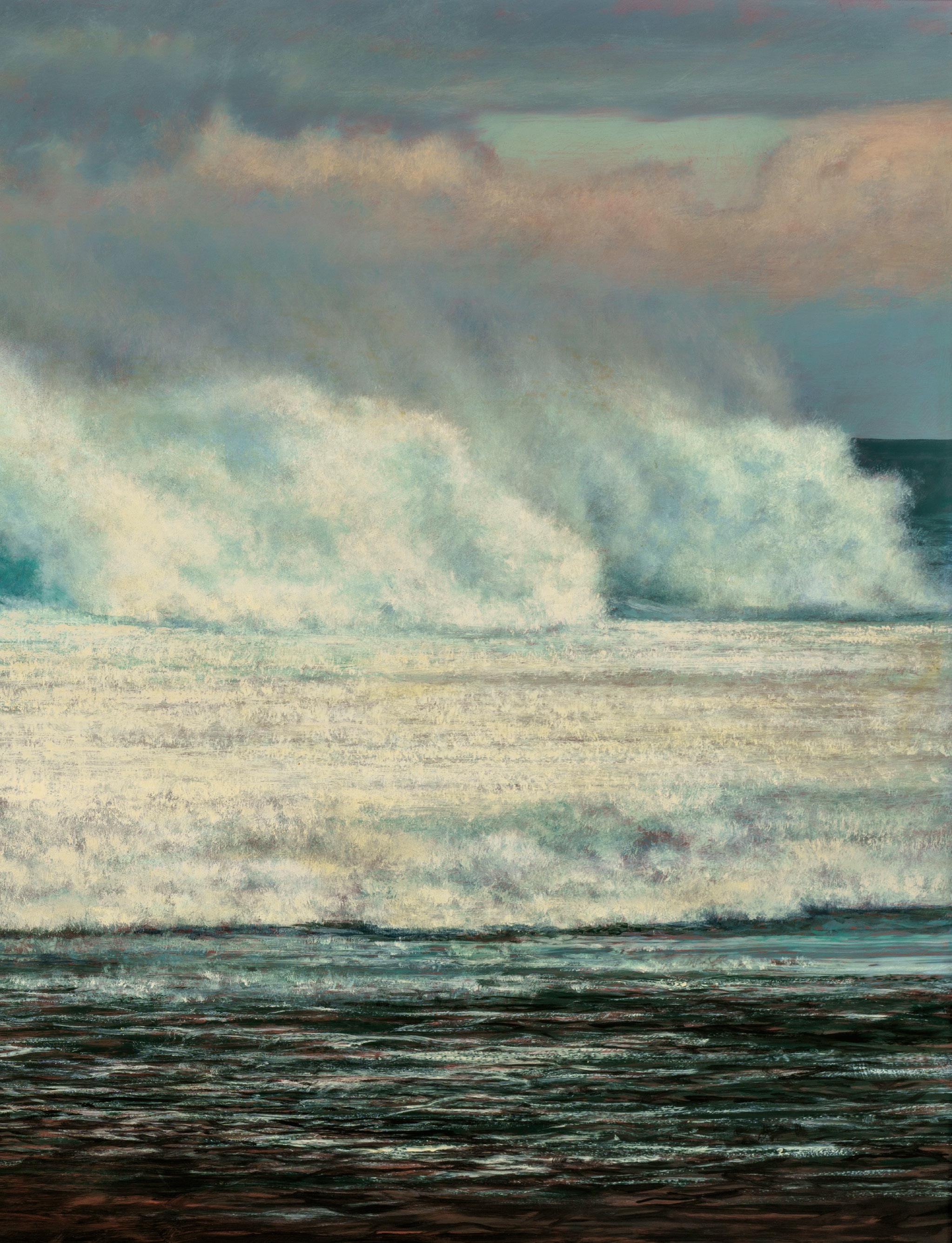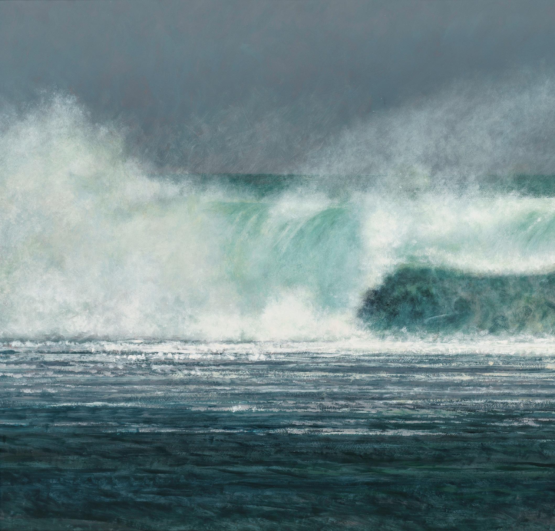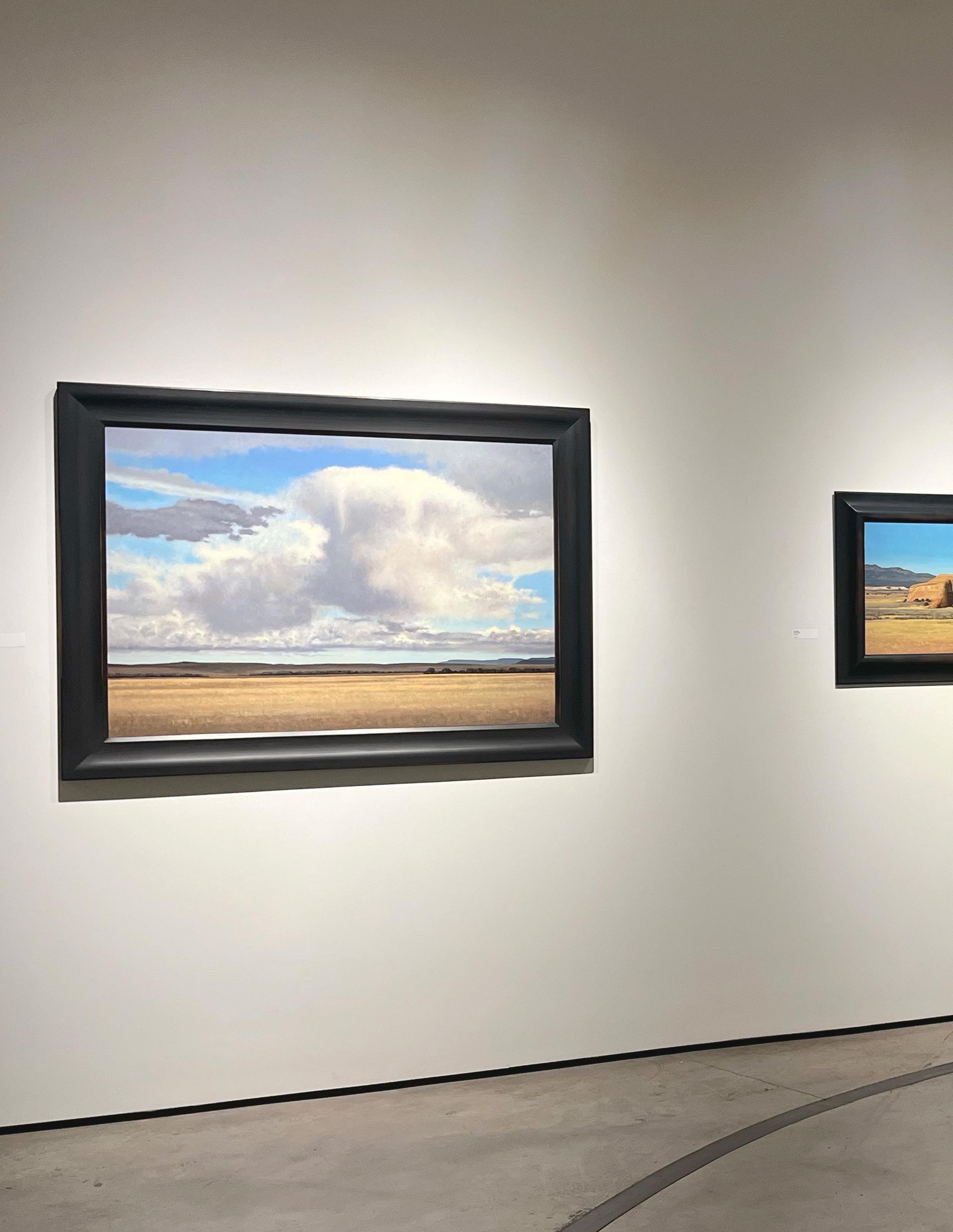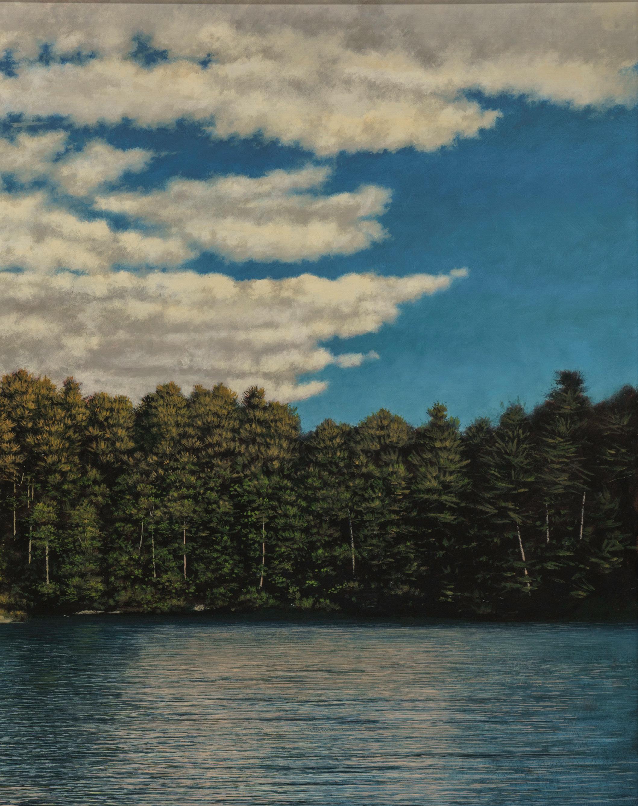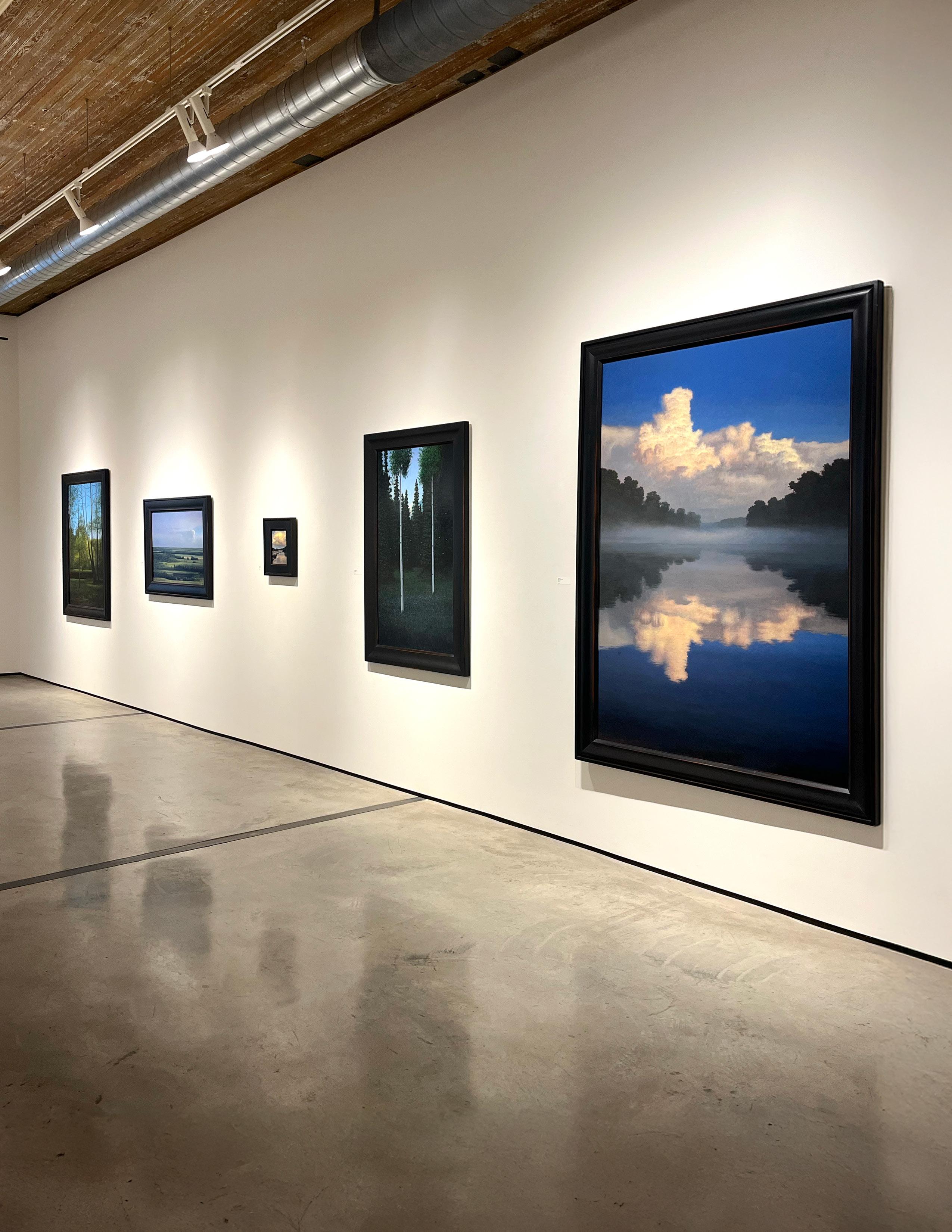 Jeff Aeling’s paintings seem to hold the actual experience of being present in the landscape. They are composed of the vastness of space and the shifting drama of light and atmosphere. The sky often fills over half of the composition and clouds frequently fill the sky. Sunlight and shadow are filtered and reflected on the land and water below to hold a single, unrepeatable moment in time.
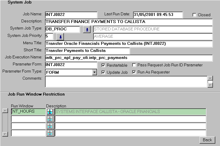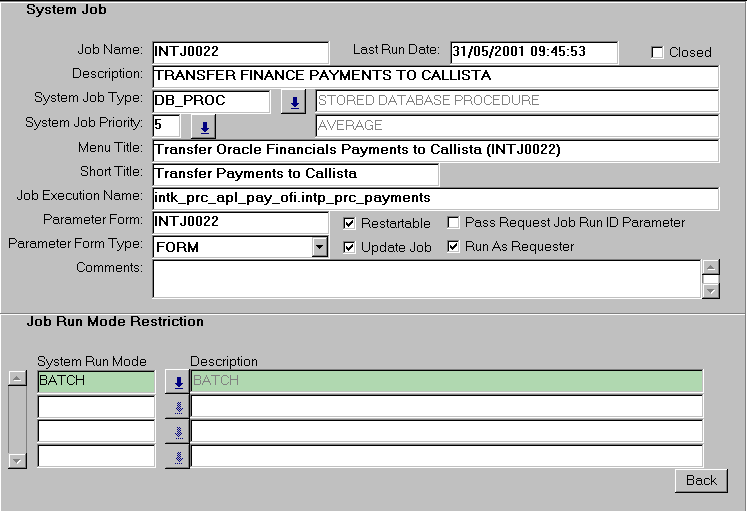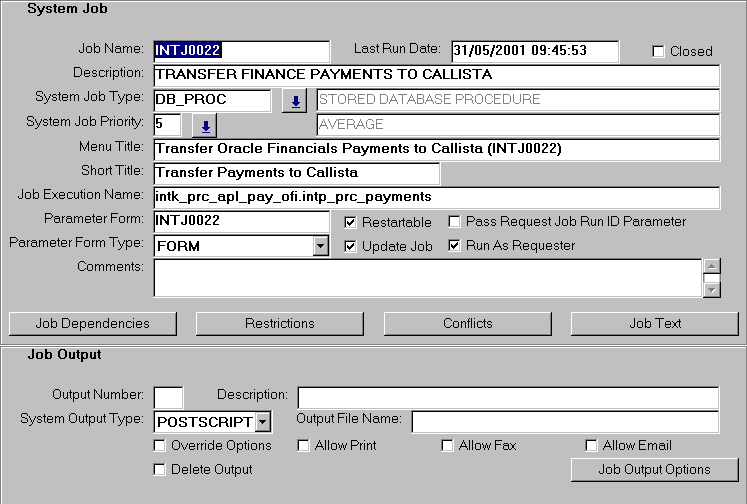 An executable job (recorded here in the Job Execution Name field) can be known within the Callista system under several different job names, each of which may be associated with one or more output records. In this block it is also possible to indicate that restrictions apply on the data accessed for report jobs. The nature of the data restrictions depends on the database access specified in the security subsystem for the person requesting the job. Overlay blocks called from this block are used to record restrictions about time and method of running. A form can also be called to record any prerequisite and/or dependent jobs associated with this job. Details of output file(s) from the job are recorded in the Job Output block. |
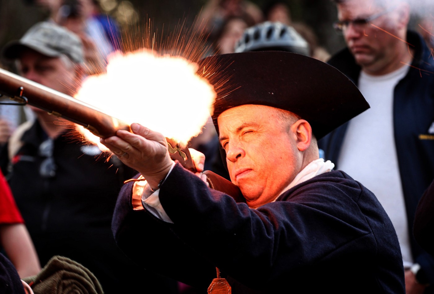“It’s truly momentous,” said Richard Howell, who portrayed Lexington Minute Man Samuel Tidd in the battle. “This is one of the most sacred pieces of ground in the country, if not the world, because of what it represents. To represent what went on that day, how a small town of Lexington was a vortex of so much.”
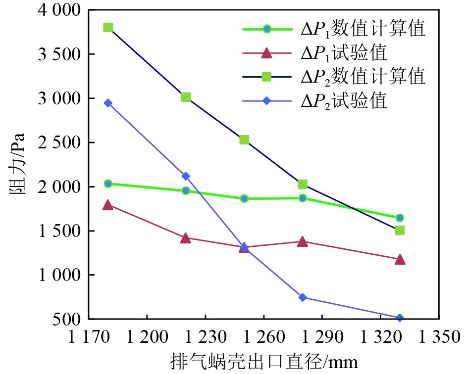 4 结 语通过缩小排气蜗壳喷口、变化排气蜗壳出口与排气管对中情况、变化喷管段结构3个方面的数值计算及试验验证得到以下结果:

------------------------------

** YOUR ASSIGNMENT **
Pictures stay out. Everything else in the listing gets printed exactly.

** ANSWER BOX **
 Jeff Aeling’s paintings seem to hold the actual experience of being present in the landscape. They are composed of the vastness of space and the shifting drama of light and atmosphere. The sky often fills over half of the composition and clouds frequently fill the sky. Sunlight and shadow are filtered and reflected on the land and water below to hold a single, unrepeatable moment in time.
 An executable job (recorded here in the Job Execution Name field) can be known within the Callista system under several different job names, each of which may be associated with one or more output records. In this block it is also possible to indicate that restrictions apply on the data accessed for report jobs. The nature of the data restrictions depends on the database access specified in the security subsystem for the person requesting the job. Overlay blocks called from this block are used to record restrictions about time and method of running. A form can also be called to record any prerequisite and/or dependent jobs associated with this job. Details of output file(s) from the job are recorded in the Job Output block. |
“It’s truly momentous,” said Richard Howell, who portrayed Lexington Minute Man Samuel Tidd in the battle. “This is one of the most sacred pieces of ground in the country, if not the world, because of what it represents. To represent what went on that day, how a small town of Lexington was a vortex of so much.”
 4 结 语通过缩小排气蜗壳喷口、变化排气蜗壳出口与排气管对中情况、变化喷管段结构3个方面的数值计算及试验验证得到以下结果:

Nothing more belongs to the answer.